Each line of data below is to be returned exactly, leaving out any picture.
**********
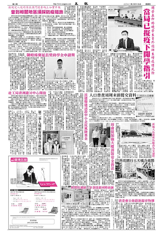 【特訊】還有約兩星期就開學,教青局指出,不少師生於暑假期間曾經外遊,現正陸續從不同地區回澳,可能會提高開學風險,當局已為學校擬定疫下開學指引,並爭取如期開學和面授課程,但若存在高風險和不穩定因素,不排除會延遲開學。另外,本澳有三千多名跨境學生在內地居住,當局提醒他們儘快在開學前十四天返回澳門、珠海或中山居住地。
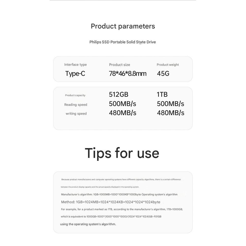 Model: Philips 1TB Type-C 3.0 High-Speed Portable SSD designed for fast data transfer, secure storage, and portable on-the-go use.
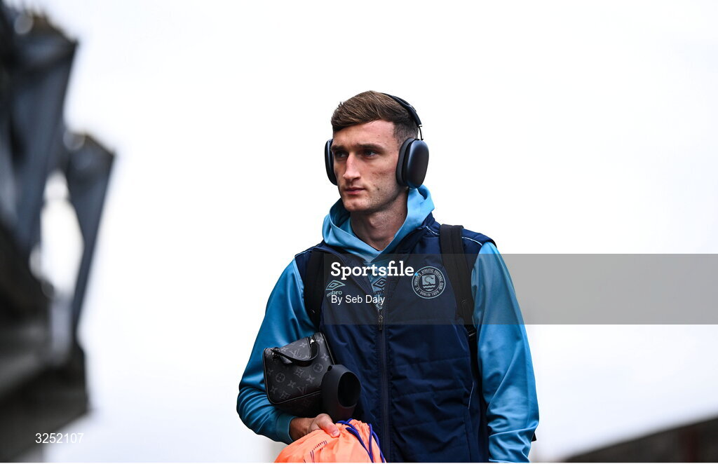 3 October 2025; Mason Melia of St Patrick's Athletic arrives before the Sports Direct Men’s FAI Cup semi-final match between Cork City and St Patrick's Athletic at Turner’s Cross in Cork. Photo by Seb Daly/Sportsfile
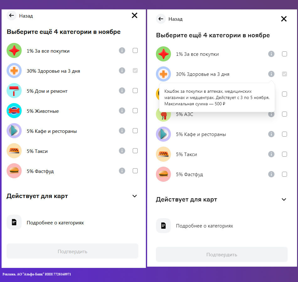 Вот уже полгода Альфа-Банк дает деньги всем желающим на покупки в определенной категории в определенные дни. И в ноябре это любые товары из категории «Здоровье». Соответствующее оповещение появилось в личных кабинетах пользователей. Кэшбэк на покупку товаров из этой категории на двух моих аккаунтах составляет 30%. В предыдущие месяцы размер кэшбэка иногда отличался на разных аккаунтах, поэтому не могу утверждать, что 30% будет у всех. Максимальная сумма возврата – 500 рублей. Если у вас уже есть карта Альфа-Банка, нужно просто зайти в личный кабинет и выбрать категории кэшбэка, после подтверждения вам так же станет доступен возврат на лекарства и другие товары для здоровья. В эту категорию попадают все аптеки, но не только. Вы можете посмотреть МСС коды интересующей вас точки продаж и сравнить с указанными кодами, на которые распространяется акция. Если вы еще не являетесь клиентом банка, то можете заказать бесплатную дебетовую карту по ссылке с промокодом на 1000 рублей здесь. Реклам
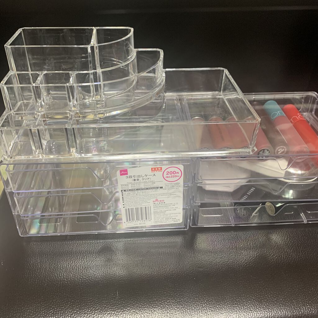 ダイソーで簡単に作れる! コスメボックスを2つ紹介します🙌🏻 コスメの量が少なめ〜普通の方におすすめです👍🏻 私が使っている(中)は、小物ケースがシンデレラフィットします! ダイソーでつくるメイクボックスは中身をかなり自由にカスタマイズできるので使いやすいし、本当に楽しいです!!
**********
Result of this task:
 【特訊】還有約兩星期就開學,教青局指出,不少師生於暑假期間曾經外遊,現正陸續從不同地區回澳,可能會提高開學風險,當局已為學校擬定疫下開學指引,並爭取如期開學和面授課程,但若存在高風險和不穩定因素,不排除會延遲開學。另外,本澳有三千多名跨境學生在內地居住,當局提醒他們儘快在開學前十四天返回澳門、珠海或中山居住地。
 Model: Philips 1TB Type-C 3.0 High-Speed Portable SSD designed for fast data transfer, secure storage, and portable on-the-go use.
 3 October 2025; Mason Melia of St Patrick's Athletic arrives before the Sports Direct Men’s FAI Cup semi-final match between Cork City and St Patrick's Athletic at Turner’s Cross in Cork. Photo by Seb Daly/Sportsfile
 Вот уже полгода Альфа-Банк дает деньги всем желающим на покупки в определенной категории в определенные дни. И в ноябре это любые товары из категории «Здоровье». Соответствующее оповещение появилось в личных кабинетах пользователей. Кэшбэк на покупку товаров из этой категории на двух моих аккаунтах составляет 30%. В предыдущие месяцы размер кэшбэка иногда отличался на разных аккаунтах, поэтому не могу утверждать, что 30% будет у всех. Максимальная сумма возврата – 500 рублей. Если у вас уже есть карта Альфа-Банка, нужно просто зайти в личный кабинет и выбрать категории кэшбэка, после подтверждения вам так же станет доступен возврат на лекарства и другие товары для здоровья. В эту категорию попадают все аптеки, но не только. Вы можете посмотреть МСС коды интересующей вас точки продаж и сравнить с указанными кодами, на которые распространяется акция. Если вы еще не являетесь клиентом банка, то можете заказать бесплатную дебетовую карту по ссылке с промокодом на 1000 рублей здесь. Реклам
 ダイソーで簡単に作れる! コスメボックスを2つ紹介します🙌🏻 コスメの量が少なめ〜普通の方におすすめです👍🏻 私が使っている(中)は、小物ケースがシンデレラフィットします! ダイソーでつくるメイクボックスは中身をかなり自由にカスタマイズできるので使いやすいし、本当に楽しいです!!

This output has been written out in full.